Purple Glory Dogwood Introduced
First observed by Clark C. Boyd as a chance seedling in 1966, Boyd Brothers Nursery patents the Purple Glory Dogwood on March 2, 1979. With leaves that are dark purple in coloration and blossoms of four dark red bracts, the plant offers a unique appeal for dogwood enthusiasts to this day. Its plant patent number is #4627.
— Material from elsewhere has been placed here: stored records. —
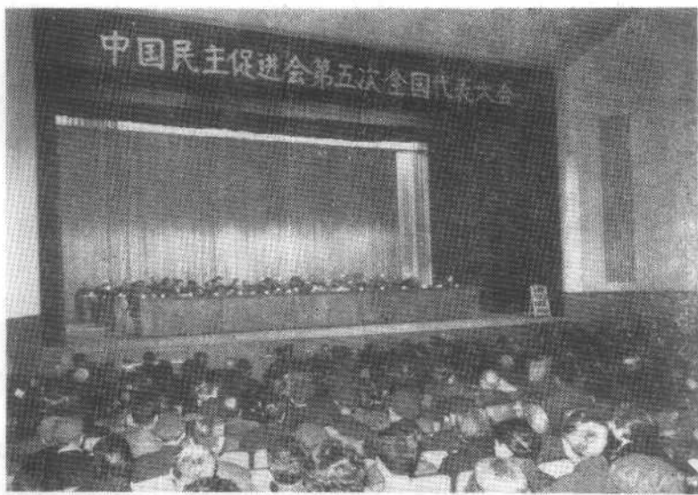
中国民主促进会第五次全国代表大会。（1983年12月）
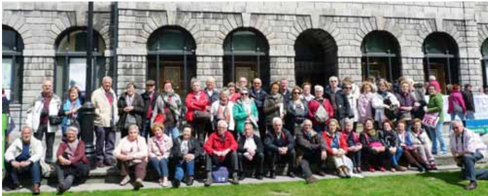
Irlanda (Trinity College) 2015
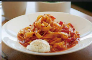
赤ワインとバターで 煮込んだポロネーゼ (マスカルポーネ+100)
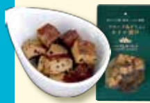
スモーク島豆腐のオイル漬け 「ハブ&ガーリック」
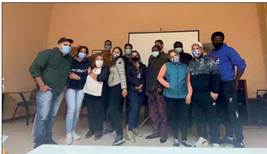
Foto de grup dels participants del curs d'aquest any

decidit demanar des d'aquestes línies que els parlem en català, que no passem directament a parlar-los en castellà pel simple fet de ser d'un altre país, que els hi donem temps i
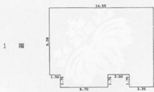
一棟建物各階平面図

家屋番号 清水町 36-2-31-8, 10-3-6 1/12.6.10 建物の所在 神戸市兵庫区清水町10番地3

Welcome to the World Wide Web
From 1995 to 2001, Campbell Boyd learns the ins and outs of early website design at his Black Walnut, Inc. site. With the aid of website designer Patrick Pedigo, Campbell Boyd offers retail and wholesale options online. After inheriting Boyd Nursery Company, www.boydnursery.net is launched in 2004. Early site versions require customers to call-in or mail-in forms for order placement; however, by 2009 a fully online checkout option becomes available. A replica of Boyd Nursery’s parent website, Black Walnut, can be found here.
Sweet Thing Magnolia Introduced
Campbell Boyd of Boyd Nursery Company and George Dodson of Sleepy Hollow Nursery patent the Sweet Thing Magnolia on April 15, 2004. After George discovers the tree in a block of seedlings that were planted in 1990 at Sleepy Hollow Nursery, Campbell manages its successful propagation. The tree has cream-colored, lemon-scented flowers throughout the summer and is significant for its compact habit. Its plant patent number is #17814. More information can be found at www.sweetthingmagnolia.com.